WHAT IS BEING ASKED: Return the records that follow unaltered. Omit every picture.

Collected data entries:
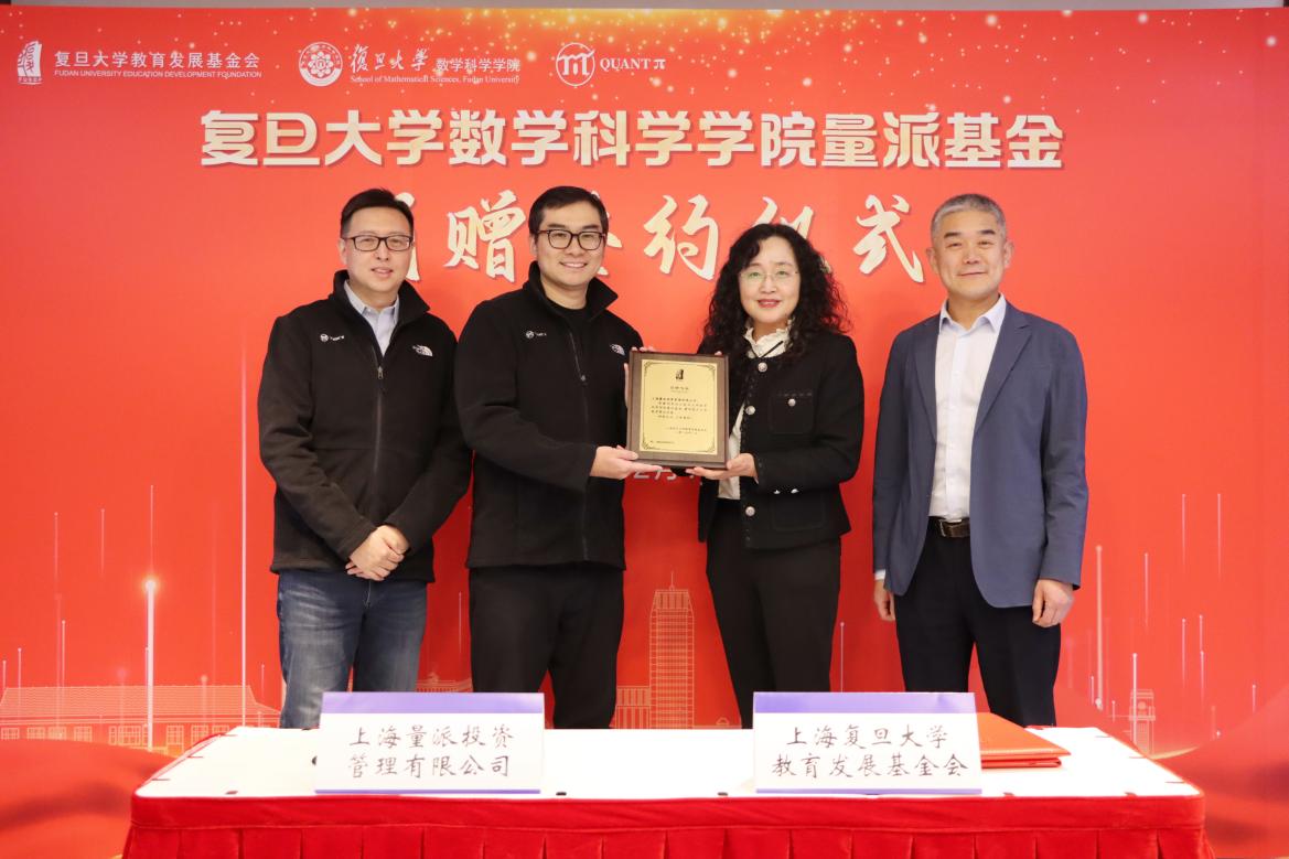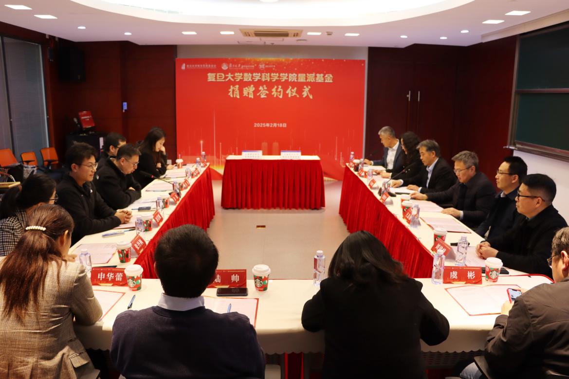 2月18日下午,复旦大学数学科学星空(中国)量派基金捐赠签约仪式在光华楼东主楼2201会议室隆重举行。上海量派投资管理有限公司创始人、首席执行官孙林,创始人、首席技术官余航,创始人、首席财务官郭彦君,品牌总监赵若帆,中国科星空(中国)院士、复旦大学副校长马余刚,对外联络与发展处处长、上海复旦大学教育发展基金会秘书长刘莉,上海复旦大学教育发展基金会项目主管张丹枫,中国科星空(中国)院士、数学科学星空(中国)院长沈维孝,数学科学星空(中国)党政领导班子成员等出席活动。复旦大学党委委员、数学科学星空(中国)党委书记王光临主持仪式。
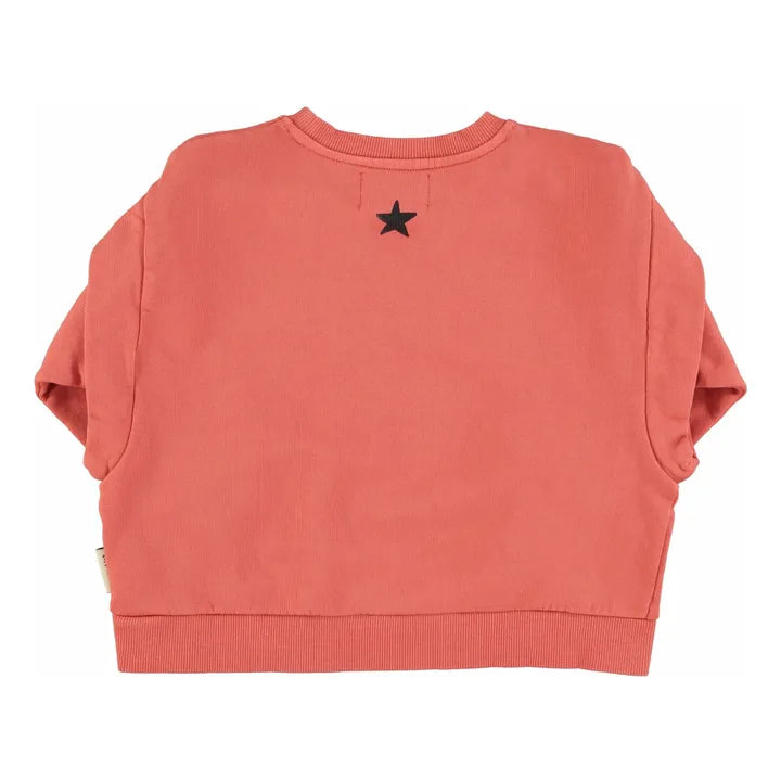 - Sweatshirt with frontal print and a little black star at back. Fitting details. Carded organic cotton fleece. Ribbed cufs. Baby sizes have buttons on the shoulders.
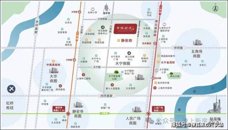 商业:周边有大润发购物300米、大宁国际商业广场大融城、日月光,大宁国际商业广场、大宁久光1500米、大宁中心广场、宝华国际广场、协信星光广场等一批商业综合体,以及园区内部主题餐饮、中西式快餐、西点房、商超、自助银行等,一应俱全让大宁成为继南京西路商圈后的静安第二大商圈,生活配套资源极其丰富,非常适合追求高品质生活的人士置业是集宜商、宜住、宜租三位一体,兼具投资和自用的功能品质,同时满足了温馨家居、创意办公、专业投资的多元化需求。
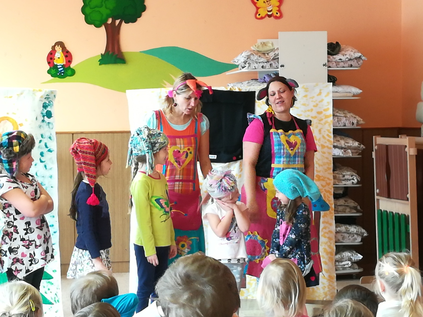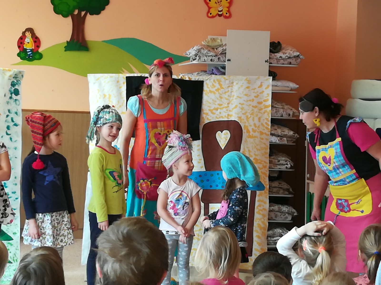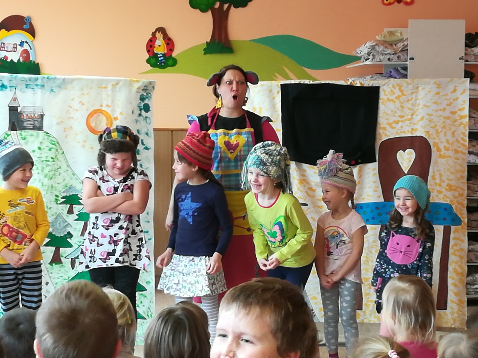 Dnes nám přivezlo divadélko Ententýky pohádku "Myška Klárka, veverka Terka a Sněhurka". Dozvěděli jsme se v ní o zdravém stravování, ale také o tom, že si od cizích lidí nemáme nic brát. Děti si s chutí zahrály trpaslíky a prince:-)
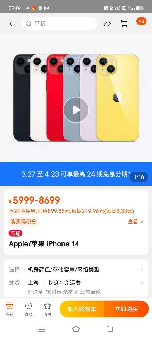 这是时隔三年,天猫苹果官方旗舰店再推日常花呗24期免息活动,预计将极大推动苹果手机的换机潮。记者登录天猫Apple Store 官方旗舰店,显示目前四款机型货源充足。iPhone 14和iPhone 14 Plus均拥有蓝色、紫色、黄色、午夜色、星光色、红色六种颜色,根据内存卡容量不同(128GB至512GB),iPhone 14价格区间为5999元至8699元,iPhone 14 Plus价格区间为6999元至9699元。
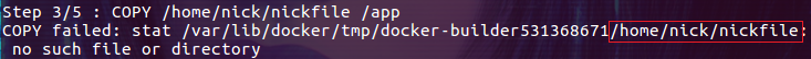 对于 COPY 和 ADD 命令来说,如果要把本地的文件拷贝到镜像中,那么本地的文件必须是在上下文目录中的文件。其实这一点很好解释,因为在执行 build 命令时,docker 客户端会把上下文中的所有文件发送给 docker daemon。考虑 docker 客户端和 docker daemon 不在同一台机器上的情况,build 命令只能从上下文中获取文件。如果我们在 Dockerfile 的 COPY 和 ADD 命令中引用了上下文中没有的文件,就会收到类似下面的错误:
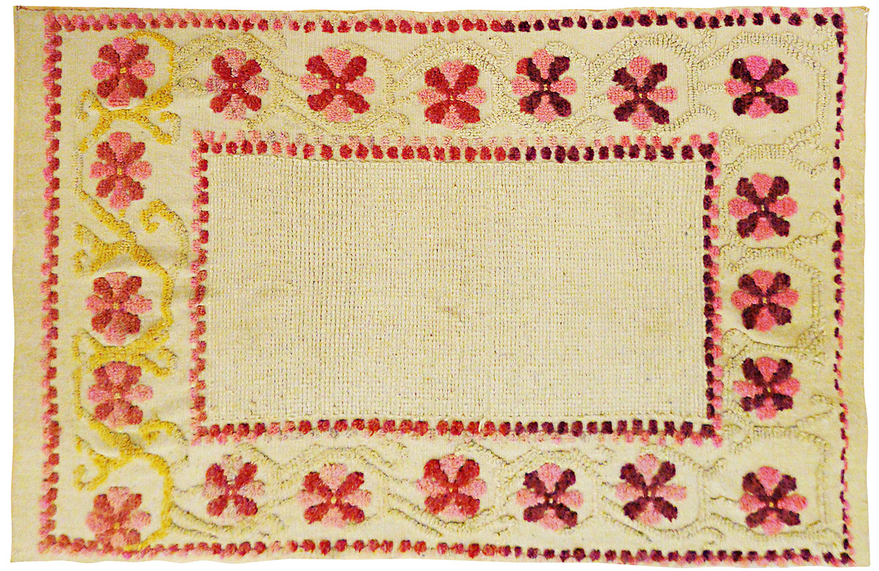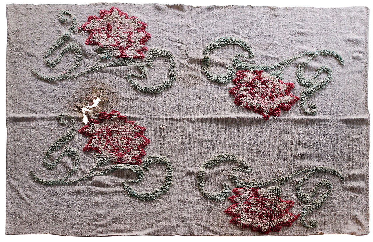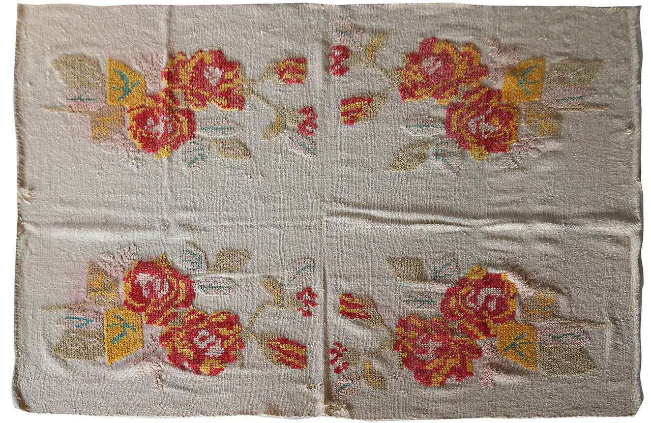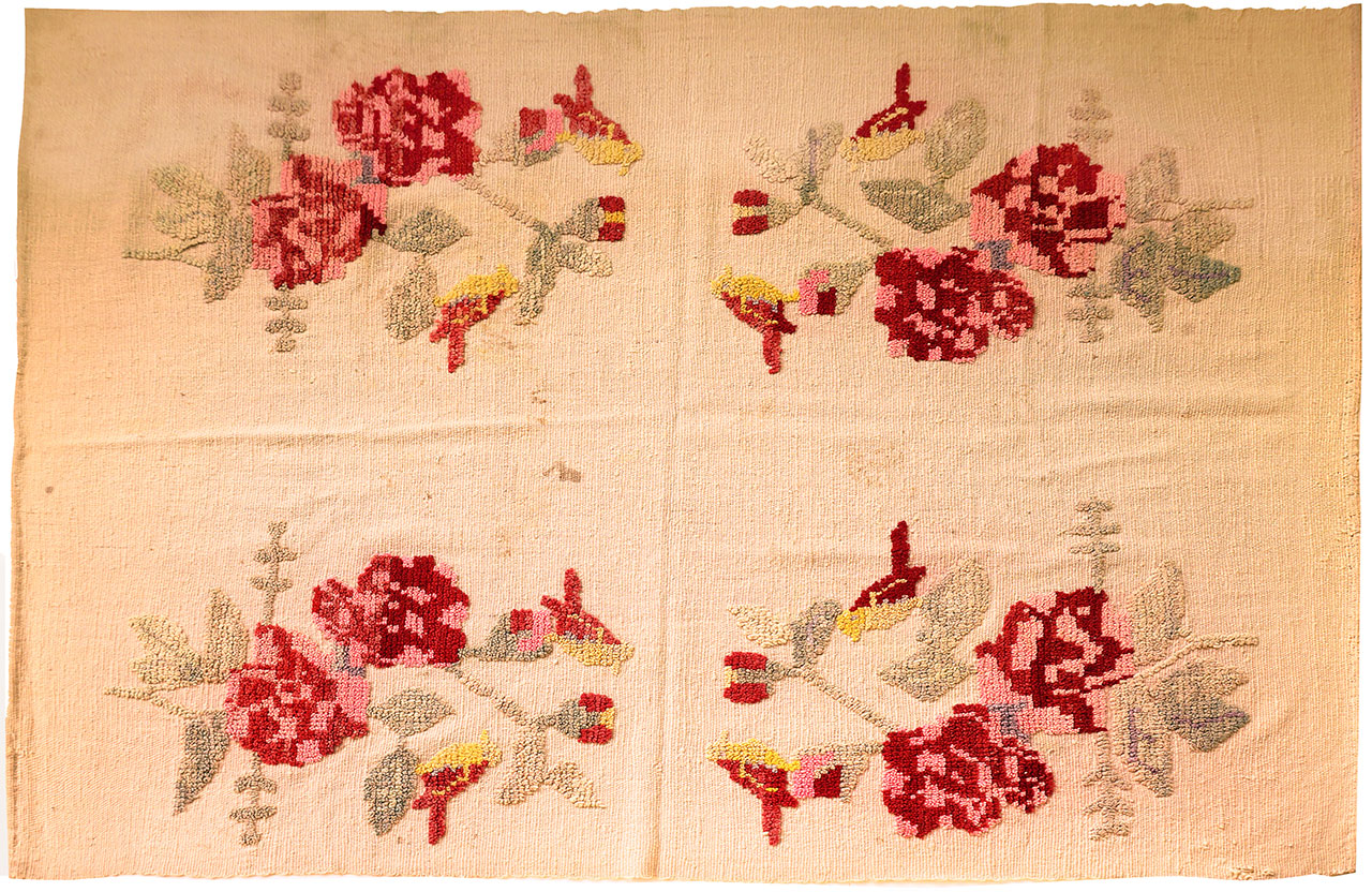 Técnica: Urdimbre y trama, una hebra / Pelo doble / Diseño floral (claveles) Cosida en la terminación

COMPLETED TASK:
 2月18日下午,复旦大学数学科学星空(中国)量派基金捐赠签约仪式在光华楼东主楼2201会议室隆重举行。上海量派投资管理有限公司创始人、首席执行官孙林,创始人、首席技术官余航,创始人、首席财务官郭彦君,品牌总监赵若帆,中国科星空(中国)院士、复旦大学副校长马余刚,对外联络与发展处处长、上海复旦大学教育发展基金会秘书长刘莉,上海复旦大学教育发展基金会项目主管张丹枫,中国科星空(中国)院士、数学科学星空(中国)院长沈维孝,数学科学星空(中国)党政领导班子成员等出席活动。复旦大学党委委员、数学科学星空(中国)党委书记王光临主持仪式。
 - Sweatshirt with frontal print and a little black star at back. Fitting details. Carded organic cotton fleece. Ribbed cufs. Baby sizes have buttons on the shoulders.
 商业:周边有大润发购物300米、大宁国际商业广场大融城、日月光,大宁国际商业广场、大宁久光1500米、大宁中心广场、宝华国际广场、协信星光广场等一批商业综合体,以及园区内部主题餐饮、中西式快餐、西点房、商超、自助银行等,一应俱全让大宁成为继南京西路商圈后的静安第二大商圈,生活配套资源极其丰富,非常适合追求高品质生活的人士置业是集宜商、宜住、宜租三位一体,兼具投资和自用的功能品质,同时满足了温馨家居、创意办公、专业投资的多元化需求。
 Dnes nám přivezlo divadélko Ententýky pohádku "Myška Klárka, veverka Terka a Sněhurka". Dozvěděli jsme se v ní o zdravém stravování, ale také o tom, že si od cizích lidí nemáme nic brát. Děti si s chutí zahrály trpaslíky a prince:-)
 这是时隔三年,天猫苹果官方旗舰店再推日常花呗24期免息活动,预计将极大推动苹果手机的换机潮。记者登录天猫Apple Store 官方旗舰店,显示目前四款机型货源充足。iPhone 14和iPhone 14 Plus均拥有蓝色、紫色、黄色、午夜色、星光色、红色六种颜色,根据内存卡容量不同(128GB至512GB),iPhone 14价格区间为5999元至8699元,iPhone 14 Plus价格区间为6999元至9699元。
 对于 COPY 和 ADD 命令来说,如果要把本地的文件拷贝到镜像中,那么本地的文件必须是在上下文目录中的文件。其实这一点很好解释,因为在执行 build 命令时,docker 客户端会把上下文中的所有文件发送给 docker daemon。考虑 docker 客户端和 docker daemon 不在同一台机器上的情况,build 命令只能从上下文中获取文件。如果我们在 Dockerfile 的 COPY 和 ADD 命令中引用了上下文中没有的文件,就会收到类似下面的错误:
 Técnica: Urdimbre y trama, una hebra / Pelo doble / Diseño floral (claveles) Cosida en la terminación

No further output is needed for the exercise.